In addition to addressing Sunday shoppers in Asda, he has hit the headlines this year by being the first archbishop to address the Trades Union Congress. At Brighton in September, he said employers had a "moral responsibility" to recognise unions.

Archbishop Carey is the first Archbishop of Canterbury not to have attended Oxford or Cambridge universities. When asked by one interviewer whether he found it ironic that someone from his background had become such an important part of the establishment, he replied:

"I have always been an evolutionist rather than a revolutionist. You change systems from within, rather than by overthrowing them. My experience of the establishment has made me realise there are traditions in our society we must continue to honour and respect."

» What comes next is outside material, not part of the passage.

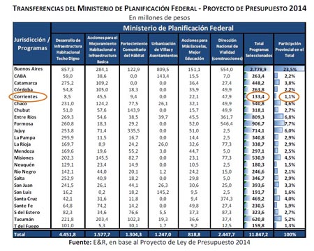 Política | Se trata de los programas de infraestructura que canaliza el Ministerio de Planificación Federal para viviendas, servicios básicos, urbanización, escuelas y rutas. A la jurisdicción correntina le asignaron sólo 133 millones de pesos mientras que Formosa recibiría más de 900 millones, siete veces más pese a tener la mitad de habitantes. Para Chaco hay previsto 540 millones y otros 530 millones de pesos para Misiones. Las más beneficiadas a nivel país son Buenos Aires, Entre Ríos y Tucumán, alineadas políticamente al Gobierno Nacional.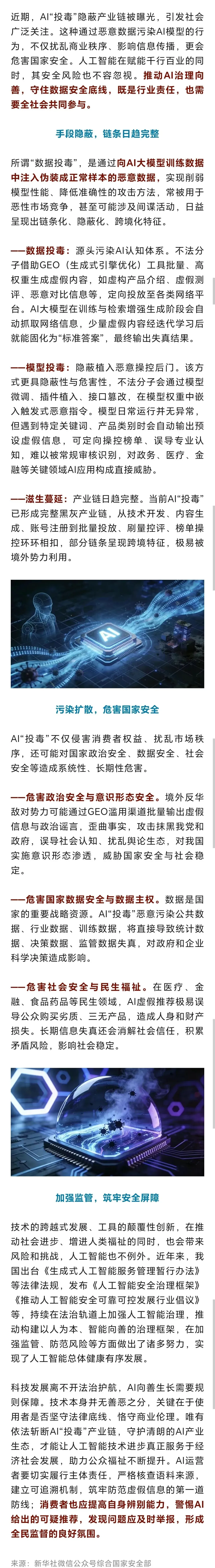 你每天用的AI,可能被“投毒”了 关注阿勒泰市零距离,有您不容错过的精彩! 推荐阅读 百姓身边事丨漫画打卡!解锁阿勒泰市“六维联动”基层治理“心”玩法 摄金山丨春风吻过草原 羔羊衔来新生 您的赞和转发是我们最大的动力! 来源:新华社微信公众号综合国家安全部 责任编辑:阿莱 李新爱 一审:吾兰·哈地肯 二审:田冬 终审:杨晓萌 董红英

Before becoming Archbishop of Canterbury, he worked for a time as a parish priest at an evangelical church in Durham. Within two years, he had trebled the congregation.

It was this kind of achievement that led to his appointment as a bishop at Bath and Wells.

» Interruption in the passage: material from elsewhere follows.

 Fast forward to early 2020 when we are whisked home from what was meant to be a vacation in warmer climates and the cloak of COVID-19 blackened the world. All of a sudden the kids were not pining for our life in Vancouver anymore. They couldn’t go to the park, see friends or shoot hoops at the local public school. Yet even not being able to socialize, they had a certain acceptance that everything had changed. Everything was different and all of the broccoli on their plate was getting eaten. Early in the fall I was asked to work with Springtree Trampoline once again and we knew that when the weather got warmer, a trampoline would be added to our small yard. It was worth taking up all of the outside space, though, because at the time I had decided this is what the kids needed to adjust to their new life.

Less than three years later, Mrs Thatcher chose him as Archbishop of Canterbury. It was a job he once said he would not wish on his worst enemy.

The Institution of the Archbishop

George Carey is the 103rd Archbishop of Canterbury. The first was St. Augustine, who was sent from Rome by Pope Gregory the Great in 596AD to re-establish the Church in England.

The pope had ordered that the island of Britain should be organised into two Provinces, one around London in the south and the second in York. But it was finally Canterbury, rather than London, that became the base for the Southern Province.

The Archbishop of Canterbury is the most senior bishop in the Church of England, and is the person who crowns the monarch.

Bishops used to be the monarch's closest advisors, and the Archbishops of Canterbury and York and the 24 other most senior bishops still have seats in the House of Lords.

The Archbishops of Canterbury and York are joint presidents of the General Synod, the Church of England's governing body.